Thats for sure, would have taken that trade in a heart beat.


----------



## 220swift (Mar 2, 2011)

already done, a very good trade is sometimes worth more than cash to me.........thanks bigdrowdy1!!!!!!!!!!


----------



## Bigdrowdy1 (Jan 29, 2010)

Looking forward to meeting you 220 face to face.


----------



## Weasel (Jun 18, 2012)

I had no idea of the quality and reputation of Bigdrowdy's sausage and jerky. NOW I FIND OUT! :frusty:

I hope there is a second chance at some point.


----------



## youngdon (Mar 10, 2010)

hassell said:


> Thats for sure, would have taken that trade in a heart beat.





Weasel said:


> I had no idea of the quality and reputation of Bigdrowdy's sausage and jerky. NOW I FIND OUT! :frusty:
> 
> I hope there is a second chance at some point.

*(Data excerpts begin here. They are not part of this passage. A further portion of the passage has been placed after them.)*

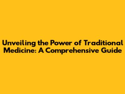 Unveiling The Power Of Traditional Medicine: A Comprehensive Guide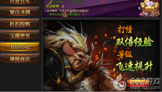 活动期间,玩家杀怪可获得经验翻倍效果(可与多倍经验丹效果叠加)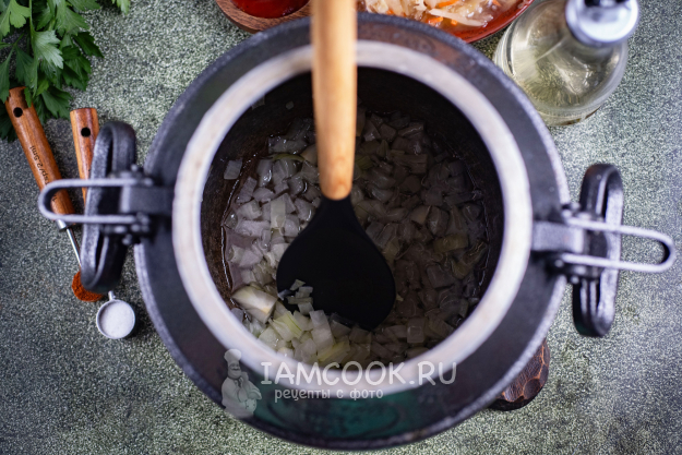 На дно казана залейте растительное масло и выложите к нему лук, поставьте на средний огонь. Не закрывая крышку, обжаривайте 5-8 минут, помешивая лопаткой.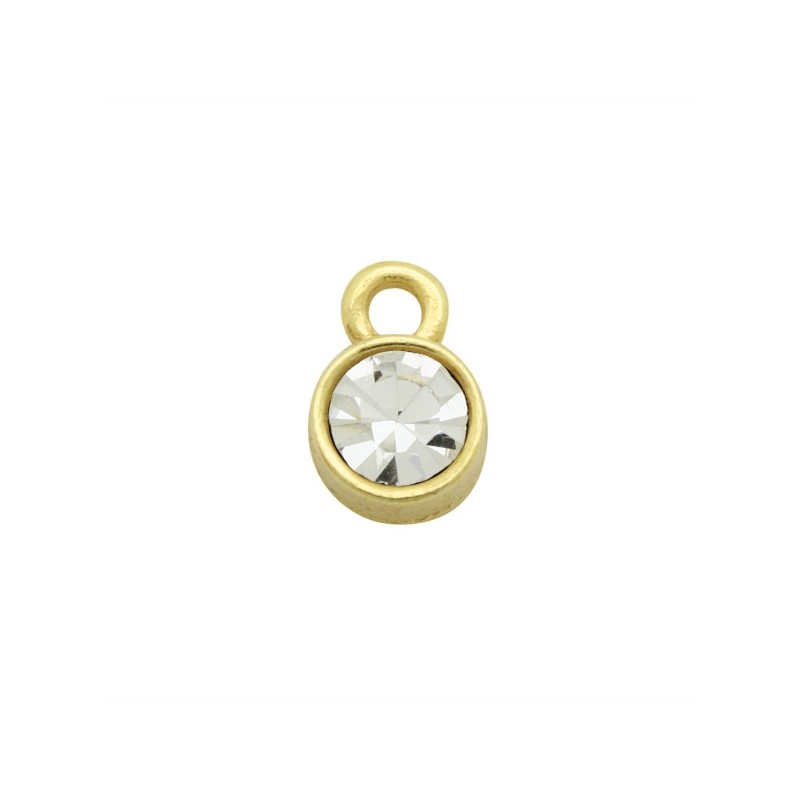 - Cercle pendentif avec verre dans zamac avec bain d’or. - Deux cristaux sont inclus qui viennent sans coller à la base. - La taille est de 8 millimètres. - Le prix est par sac et le sac contient 2 unités.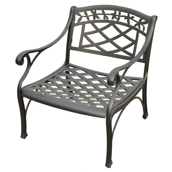 It may be hot outside, but you’ll feel cool kicking back in our heavy duty, solid-cast aluminum furniture. Designed for style and built to last, this club chair features a durable charcoal black powder coated finish that will weather the harshest of outdoor conditions. Experience pure nirvana while unwinding in the chair’s comfortable contoured seats. Your very own outdoor oasis awaits you.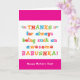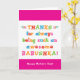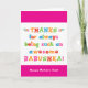 Llamas a tu abuela Babushka, no a la abuela. (Babushka significa abuela en ruso). ¡Imaginen lo emocionado que estará Babushka de recibir una tarjeta del Día de la Madre dirigida especialmente a ella! A tu babushka también le encantará el divertido y colorido diseño de esta tarjeta basado en texto que dice "¡Gracias por ser siempre una Babushka tan impresionante! ¡Feliz Día de la Madre!" ¡Haz personalizable esta carta! Haga clic en "Editar diseño", "Inferior/Derecha: Texto e imágenes", "Texto" y "Añadir texto" para escribir su propio personalizado, mensaje personalizado a Babushka dentro!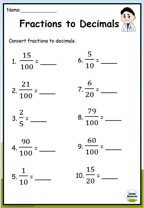 When it comes to learning about fractions and decimals, it’s important for students to understand how to convert between the two. One way to practice this skill is through the use of worksheets that provide exercises in changing fractions to decimals. These worksheets can help reinforce the concept and improve students’ understanding of how fractions and decimals are related.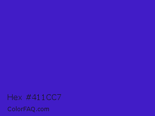 Hex #411cc7 Color is a normal indigo color and the nearest color is Interdimensional Blue #360ccc. Hex code #411cc7 and RGB value is rgb(65,28,199). In RGB color space, this color is composed of 25% red, 11% green, 78% blue, In CMYK color space, this color is composed of 67% cyan, 86% magenta, 0% yellow , 22% black , In HSL color space, this color has a hue angle of 253° , 75% saturation and 45% lightness.
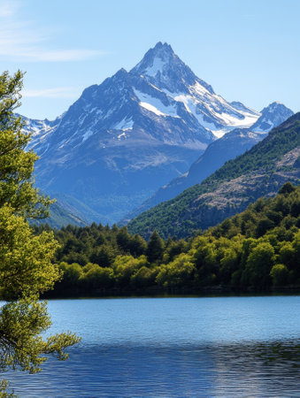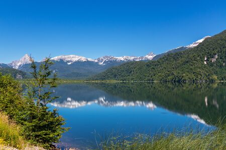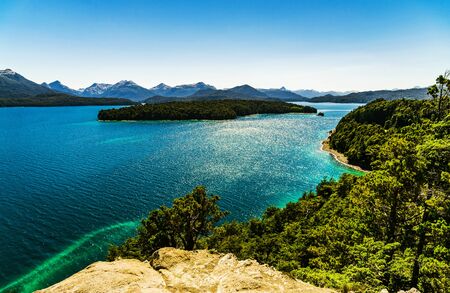 Landscape of blue lakes, Andes mountains, and forest in Patagonia, Argentina.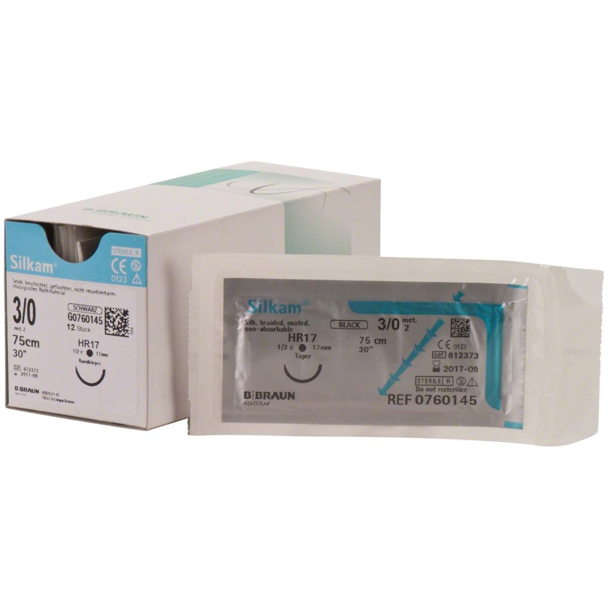 Silkam, HR 17, USP 3-0, 75 cm, ? 17 mm, black, pack of 12 films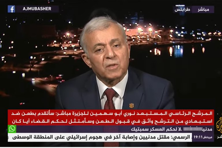 وأوضح في حديث لبرنامج المسائية على شاشة الجزيرة مباشر، الأربعاء، أنه “يحسن الظن بالغير ويحترم مؤسسات الدولة”، لافتا إلى أن رفض قبول ترشحه يأتي بسبب “عدم تطابق المادة 10 البند السابع، ومضمونه أنه لديه حكم سابق يمنع ترشحه”.

yeah you would have been happy with the sausage for sure. I guess you didn't read my post on it....


----------



## 220swift (Mar 2, 2011)

Bigdrowdy1 said:


> Looking forward to meeting you 220 face to face.


same here!!!!


----------



## hassell (Feb 9, 2010)

Making top grade sausage is a trade in its self, just like making quality calls as you guys do here on site. I've made many hundreds of pounds of wild game sausage and to get to BigD's level takes a lot of years of trial and error But he's there.

Thanks BigD


----------



## prairiewolf (Feb 19, 2012)

I have some of his sausage and jerky and would be glad for a trade in the future.


----------



## Spearodafish (Nov 11, 2012)

Good to know...I'll definitely keep this in mind...


----------